My answer to the diversity problem is this: out of maybe 2000-10,000 items I have the system make N=20 clusters with

https://scikit-learn.org/1.5/modules/generated/sklearn.clust...

and instead of picking out the 300 items with the highest score I pick the top 15 items in each cluster. Everything I post to HN was selected by YOShInOn once and by me twice and I think you can see the clusters at work if you note I post articles about programming, sports, environmental issues, advanced manufacturing, omics, energy technology, etc. If I pulled the top 300 it would all be arXiv papers about recommender systems with a few "circular economy" manufacturing topics.

If you found, say, 200 HN articles on a certain topic last week you might need a smaller cluster size, maybe N=5. There are other approaches to the diversity problem in the literature too but this one is easy.

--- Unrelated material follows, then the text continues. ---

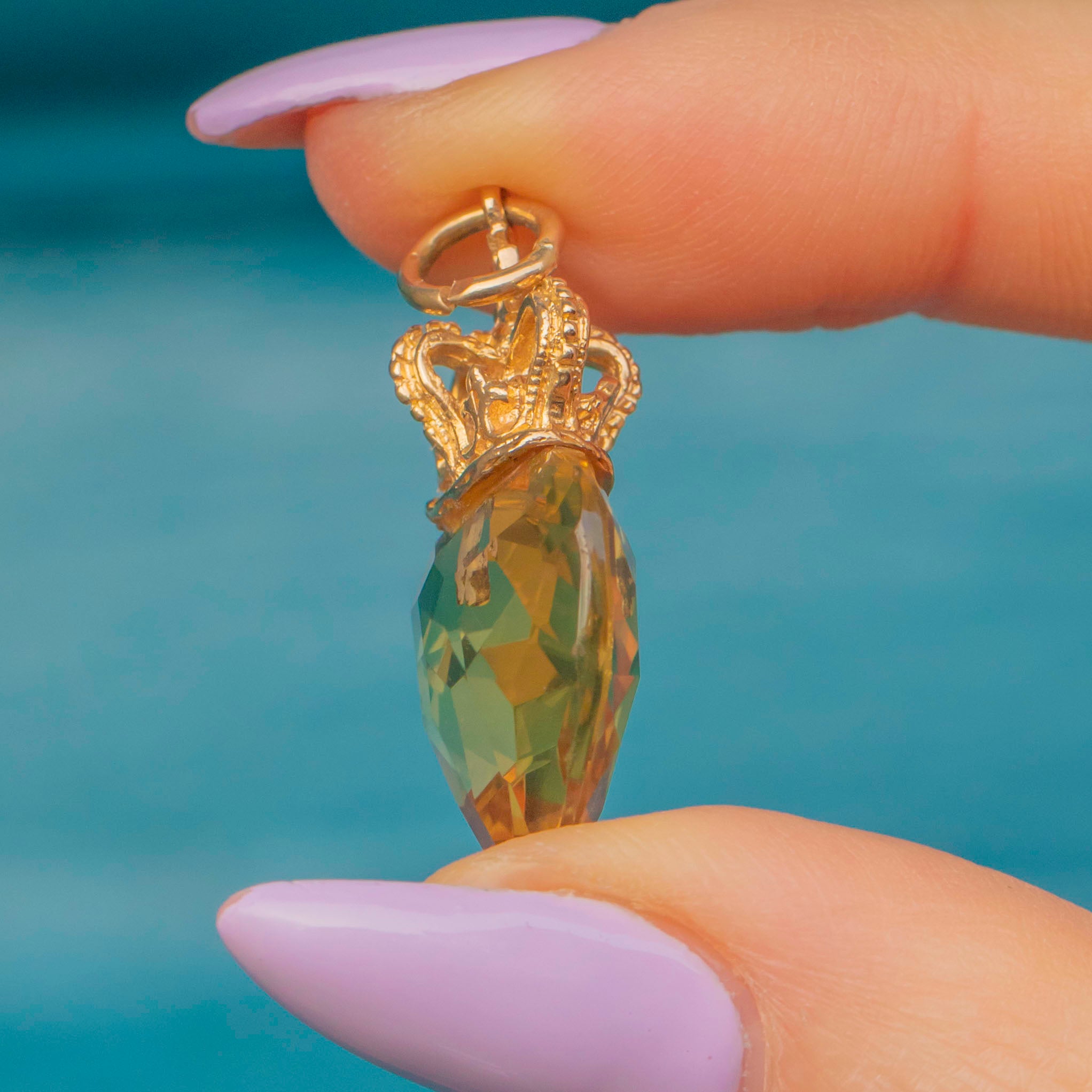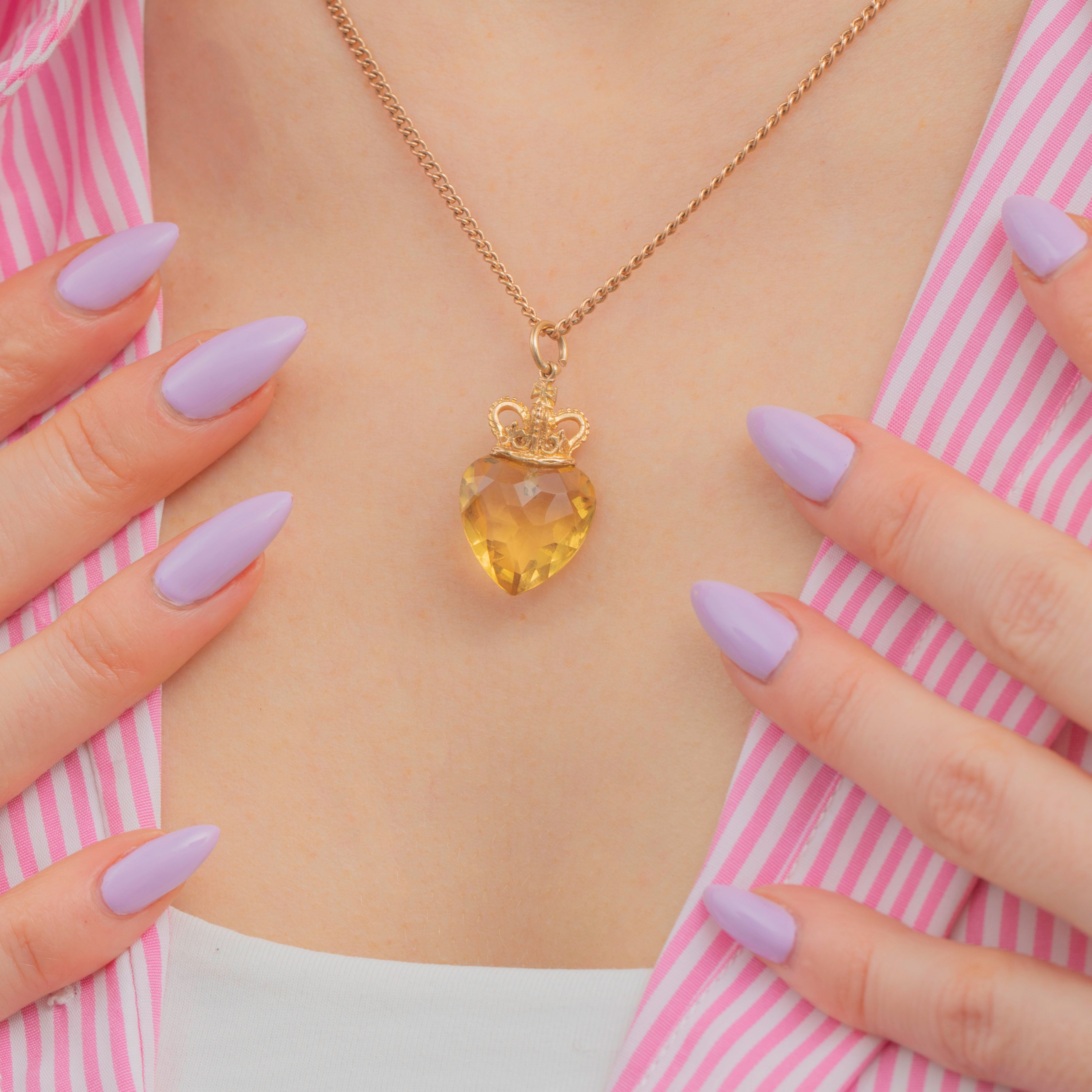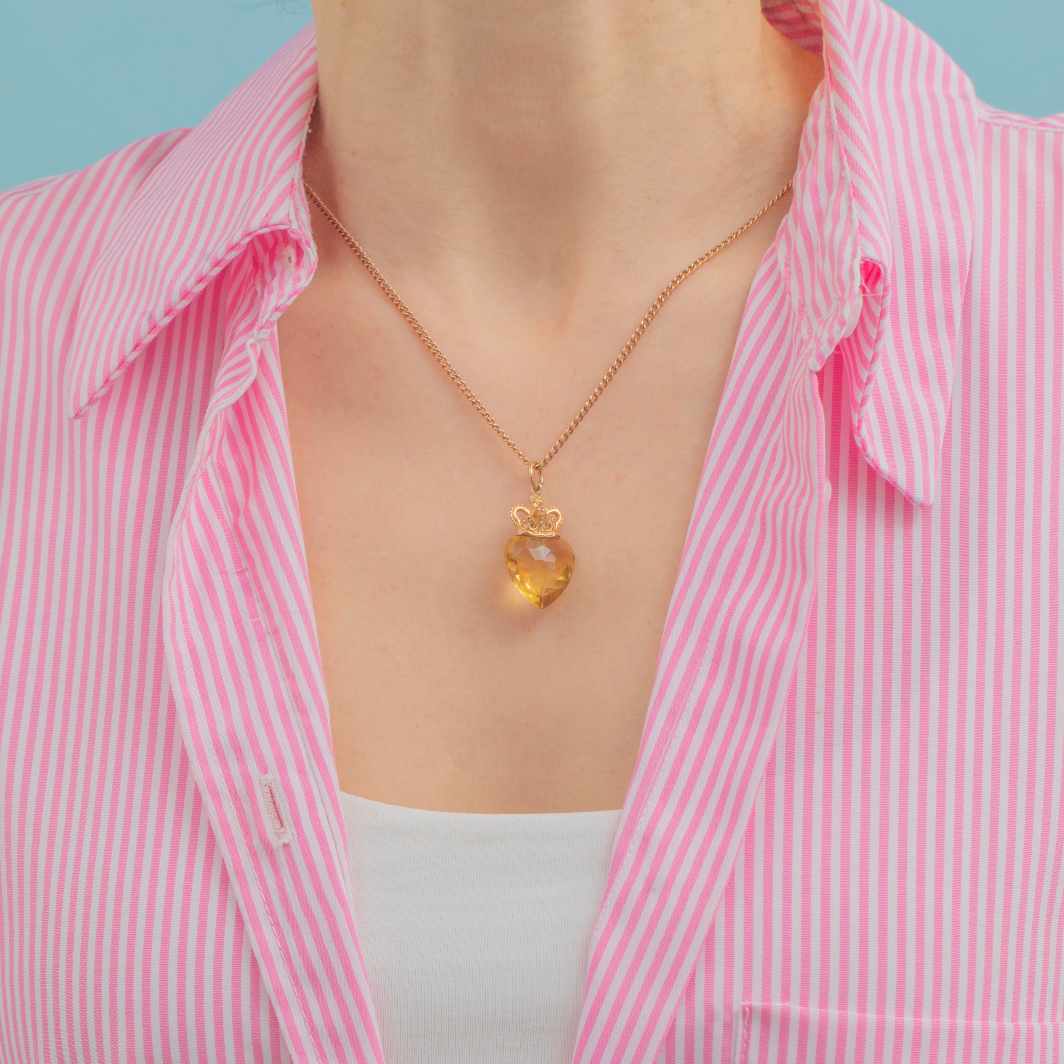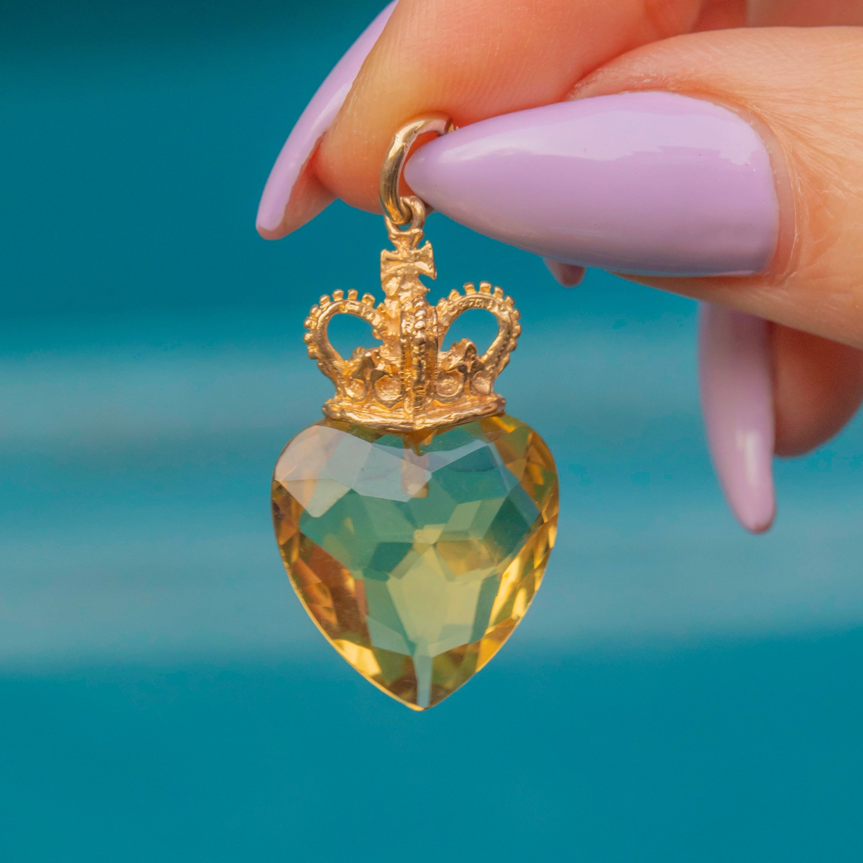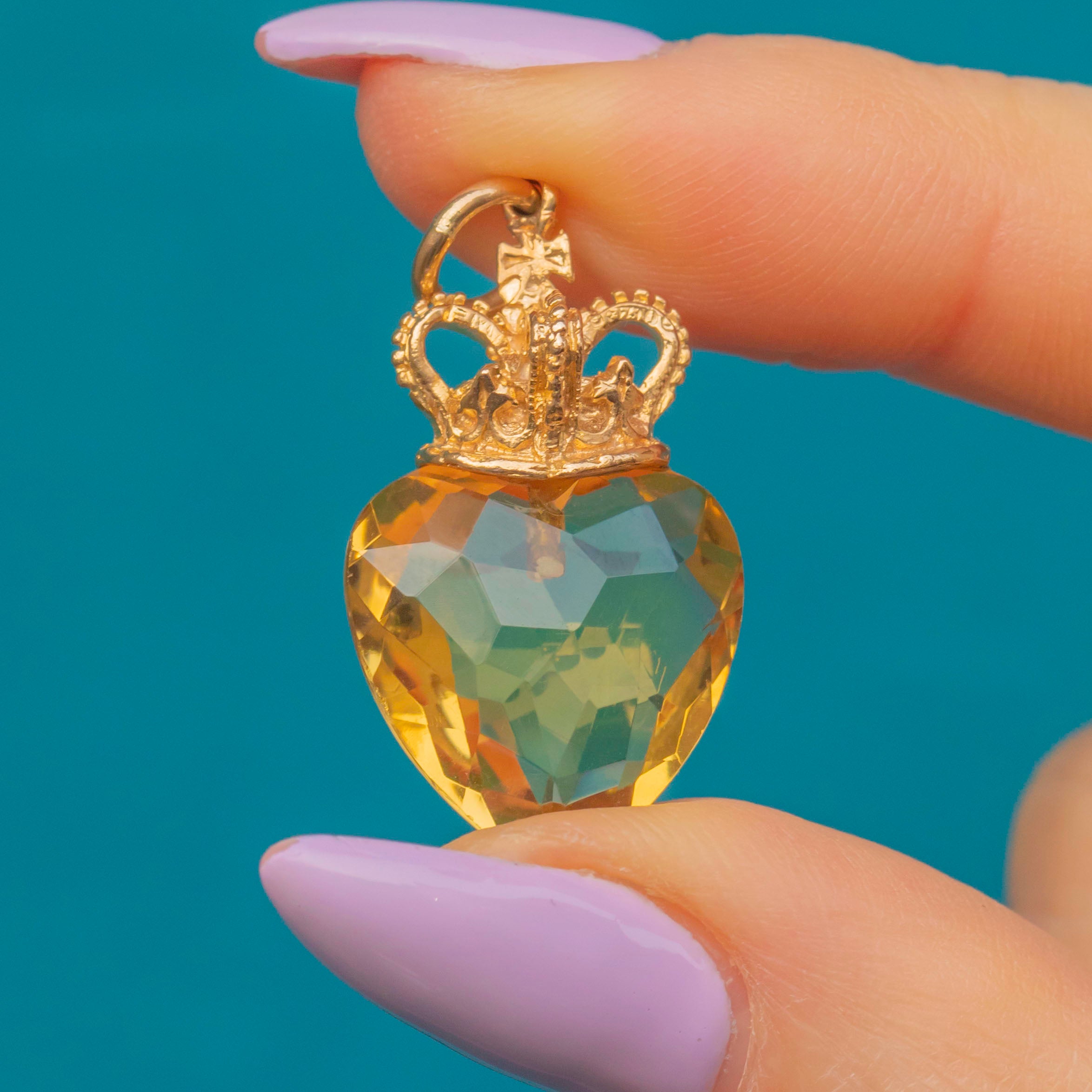 EXCELLENT. This 9ct Gold Citrine crowned heart pendant is in excellent condition. The Citrine has crisp facets and is free from any chips or abrasions. The Gold is luminous and the details on the crown have all remained defined. With a secure jump ring, you can wear her with confidence.

I get amazing results with SBERT embeddings on HN titles and similar short texts. There is the trouble of ambiguous titles which nobody could classify but if a title is clear enough for you to get the gist of it, SBERT probably does well on it. If you are crawling the stories you are increasing your data 1000x but you are NOT going to get 1000x better results. Here is how I do on thumbs up/thumbs down classification with just titles and an obsolete algo:

https://ontology2.com/essays/ClassifyingHackerNewsArticles/

SBERT would put a few points of AUC on, I could imagine into the low .8's, but the up/down classification is noisy.

You actually could make a decent prototype that just uses the titles and not face webcralwer problems, context window not big enough problems, etc.

1 comments

Paul, this is quite amazing. Can I email you later? I have been "sniffing" about this idea for a little while and I am finishing up a smaller project, this is the next thing I want to tackle.